Developing Resilience in Pakistan’s Oil and Gas Supply Chains: Using Fuzzy Logic and Bayesian Belief Networks to Mitigate Terrorism-Induced Disruptions
Supervisor: Dr. Mudassar Ali, Associate Professor
Campus/School/Dept: Project Management and Supply Chain Management Department, Bahria Business School
RAC Approved Supervisor for Research Areas: Project Management
Supervisory Record
- PhD Produced: 0
- PhD Enrolled: 1
- MS/MPhil Produced: 7
- MS/MPhil Enrolled: 7
Topic Brief Description:
This study aims to analyze the risks of pipelines, infrastructure for storage, and logistical structures to deal with the critical challenges that terrorism presents to Pakistan’s oil and gas supply chains. The investigation will investigate innovative analytical methods and responsive leadership strategies to improve operational security by incorporating perspectives from project management and supply chain management. Data-driven approaches to risk reduction will be enabled by implementing advanced decision-support tools, such as Bayesian Belief Networks (BBNs) and fuzzy logic, to quantify uncertainty and evaluate the probability of disruptions. The study will also investigate the resilience of human and organizational systems, particularly emphasizing the importance of cross-stakeholder engagement and on-the-ground teams in maintaining continuity during crises. Using a combination of modeling simulations, stakeholder interviews, and case studies, this study will suggest strategic supply chain revamps that mitigate single points of breakdown, balance cost-security trade-offs, and facilitate proactive risk management. To guarantee Pakistan’s energy sector’s robustness toward geopolitical threats and its critical role in national economic strength, the findings aim to contribute to its sustainable development.
Research Objectives/Deliverables:
- Investigate the impact of terrorism on essential supply chain infrastructure, including pipelines, storage facilities, and logistical networks, and the potential consequences for the ongoing operation of oil and gas supply chains in Pakistan.
- Explore how effective decision-making processes and responsive leadership styles contribute to reducing the detrimental effects of terrorism on the oil and gas supply chain.
- Apply Bayesian belief networks and fuzzy logic to measure uncertainty and evaluate the risk of terrorism-related interruptions in oil and gas supply systems.
- Consider restructuring techniques for oil and gas supply networks that mitigate risks and enhance resilience against terrorism-related interruptions.
Deliverables
- In-depth analysis of the effects of terrorism on oil and gas supply networks in Pakistan, pinpointing critical weaknesses in logistics and infrastructure while evaluating the consequences for supply chain continuation.
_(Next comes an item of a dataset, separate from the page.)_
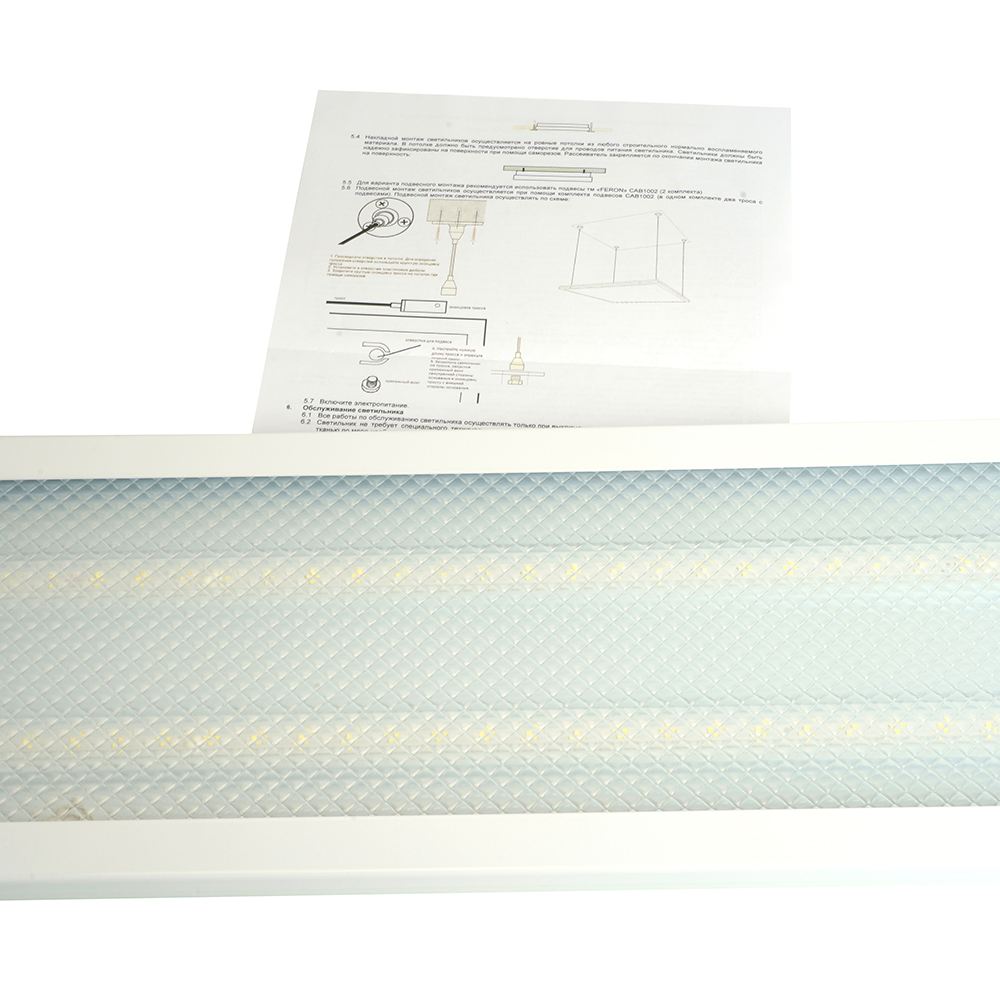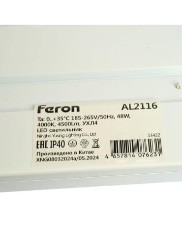 Светильник встраиваемый светодиодный, АРМСТРОНГ (ДВО) FERON AL2116, 48W 4000К (белый), 185-265V, 4500Lm, IP40, угол рассеивания 120°, цвет белый, корпус штампованная сталь, рассеиватель акриловый полимер с призматической структурой, 1200*180*17 мм, монтажн.отв. 1 200*180 мм.

- A paradigm for supply chain leadership emphasizing flexible decision-making and risk management measures to mitigate terrorism-related interruptions successfully.
- The creation of fuzzy logic models using Bayesian Belief Networks to assess and quantify risks related to terrorist interruptions in the oil and gas supply chain, aimed at practical uses for adaptive risk mitigation.
- A series of strategic proposals for reconfiguring oil and gas supply networks to enhance resilience, mitigate risks, and augment redundancy in response to terrorism challenges.
Research Questions:
- How do delays caused by terrorism affect Pakistan’s oil and gas supply chains’ most vulnerable points, and how do they damage their capacity to continue operating?
- How can leadership methods in the supply chain be changed to better handle and minimize complications caused by terrorism in the oil and gas sector?
- How can fuzzy logic and Bayesian Belief Networks be utilized to determine the risk of oil and gas supply lines being disrupted by terrorists?
- How can effective modifications be made to oil and gas supply chains to make them more resilient, secure, and able to function even when terrorist risks exist?
Candidate’s Eligibility Profile:
- The applicant must have an MS/MPhil/Equivalent degree in project management/supply chain management with a CGPA > 3.0. Applicants must also have a strong background in data analytics techniques (Bayesian belief network, fuzzy logic, System Dynamics, Multi-Criteria Decision Analysis, and SEM), project management and supply chain management design/system thinking theories, and related fields.
- Experience with programming languages such as Python, SMART PLS, STATA, and SPSS is advantageous. Candidates should thrive in an international environment and have excellent communication skills to contribute actively to team research efforts.
- The candidate must be preferred based on SSCI (W-category) publication numbers and relevance to the proposed research topic.
- Proficiency in spoken and written English is essential. We value independence and responsibility while promoting teamwork and collaboration among colleagues.